- _RAW DATA_:
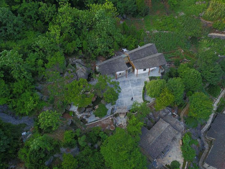 傳統(tǒng)性與當(dāng)代性在現(xiàn)今中國的建筑實踐中永遠(yuǎn)都處于一種交織中的并行狀態(tài)。就像銅陵山居這個項目,起始于一幢徽州與沿江風(fēng)格融合的普通民居,地處皖南一個僻靜山村。原有建筑處于全村最高的山頂,占地較小,且現(xiàn)狀及為殘破,已逾十年未有人居住,故其四周皆為雜草和灌木覆蓋;其東西向三跨,南北向一跨,原有屋面和墻體損毀嚴(yán)重。
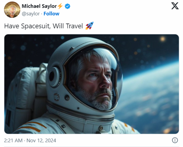 Bu arada, lider kripto para Bitcoin son gün içinde yaklaşık %10’luk bir artışla 89.956 doları gördü. Böylece, tekrar tekrar bu hafta tüm zamanların en yüksek seviyesine ulaştı. Bu görkemli yükselişe tepki gösteren Saylor, uzay giysisi ve kask giydiği, arka planda uzayın ve yörüngeden Dünya’nın göründüğü yapay zeka tarafından oluşturulmuş bir görüntüsünü yayınladı.
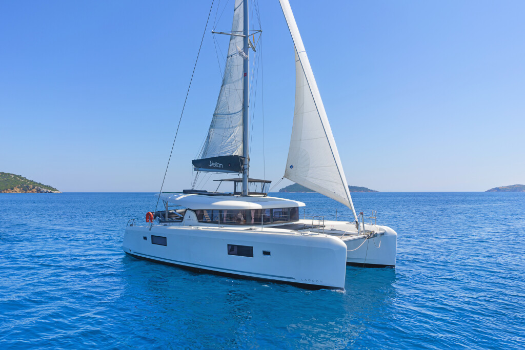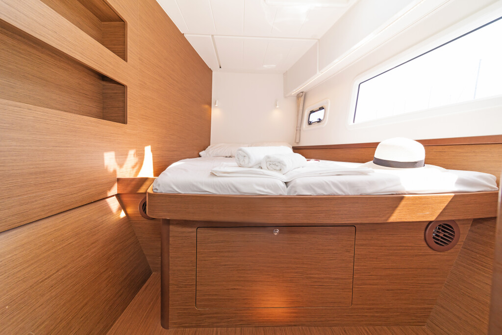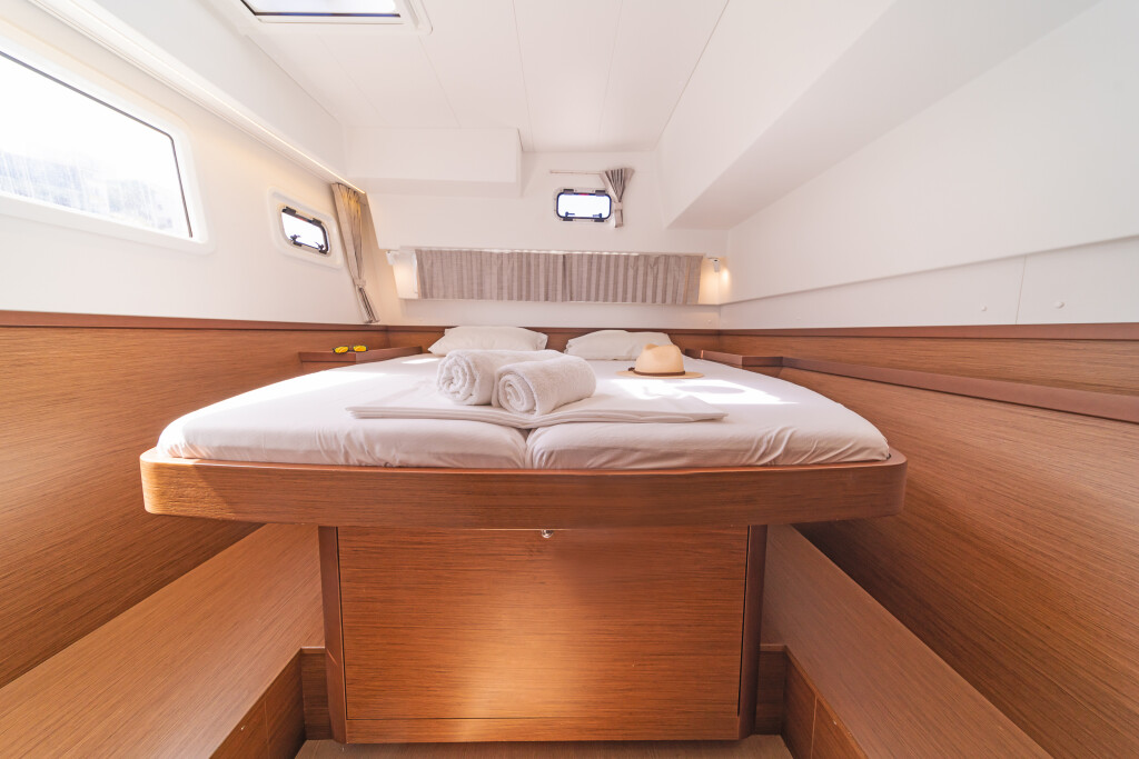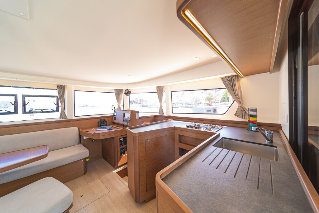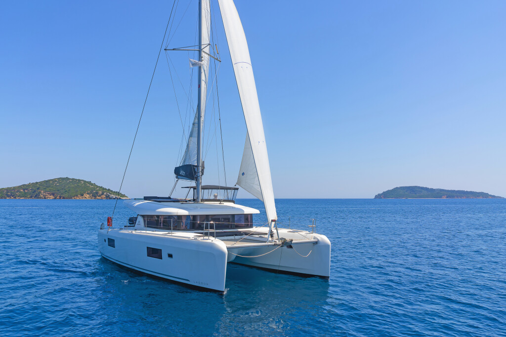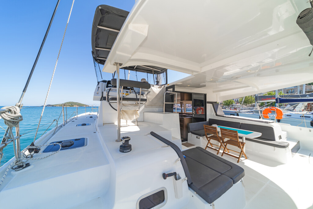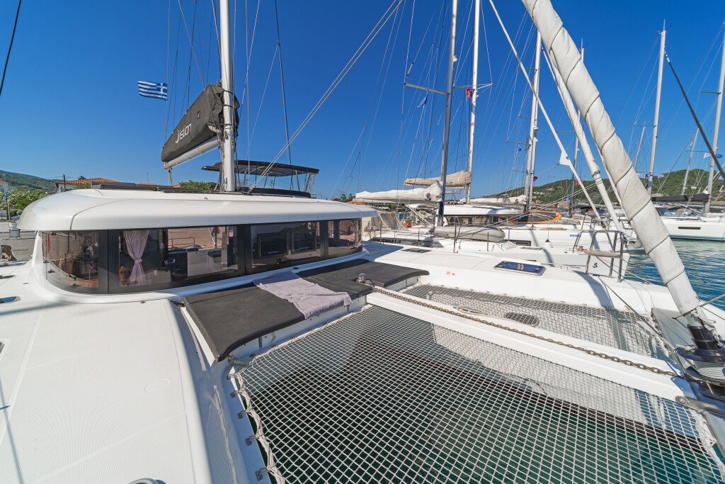 Catamaran Lagoon 42 Marou, built in 2020 is anchored in the Lefkas, D-Marin, Greece - Ionian Islands, Greece. It has 4 + 2 cabins, can accommodate 8 + 2 people and has 4 + 1 toilets. Bed linen and kitchen equipment are included in the price.
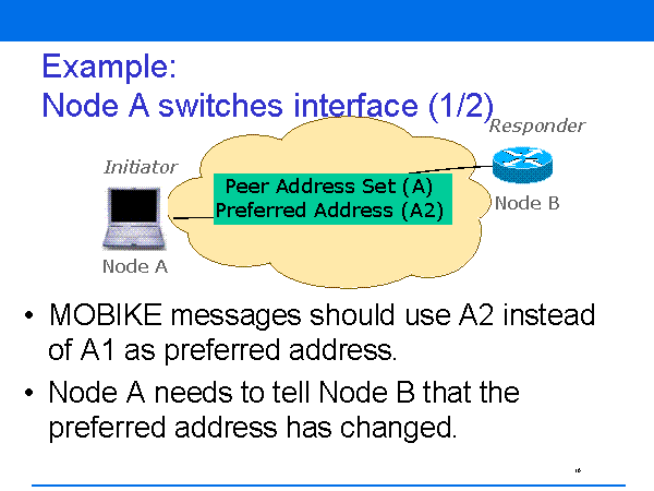 Example: Node A switches interface (1/2) Node A Node B MOBIKE messages should use A2 instead of A1 as preferred address. Node A needs to tell Node B that the preferred address has changed. Initiator Responder Peer Address Set (A) Preferred Address (A2) |

- _EXERCISE OBJECTIVE_:
Print the lines from the line with "Bu arada, lider" to the end of the data above. Include both ends, exclude the pictures, and add nothing else.

- _WRITTEN RESPONSE_:
 Bu arada, lider kripto para Bitcoin son gün içinde yaklaşık %10’luk bir artışla 89.956 doları gördü. Böylece, tekrar tekrar bu hafta tüm zamanların en yüksek seviyesine ulaştı. Bu görkemli yükselişe tepki gösteren Saylor, uzay giysisi ve kask giydiği, arka planda uzayın ve yörüngeden Dünya’nın göründüğü yapay zeka tarafından oluşturulmuş bir görüntüsünü yayınladı.
 Catamaran Lagoon 42 Marou, built in 2020 is anchored in the Lefkas, D-Marin, Greece - Ionian Islands, Greece. It has 4 + 2 cabins, can accommodate 8 + 2 people and has 4 + 1 toilets. Bed linen and kitchen equipment are included in the price.
 Example: Node A switches interface (1/2) Node A Node B MOBIKE messages should use A2 instead of A1 as preferred address. Node A needs to tell Node B that the preferred address has changed. Initiator Responder Peer Address Set (A) Preferred Address (A2) |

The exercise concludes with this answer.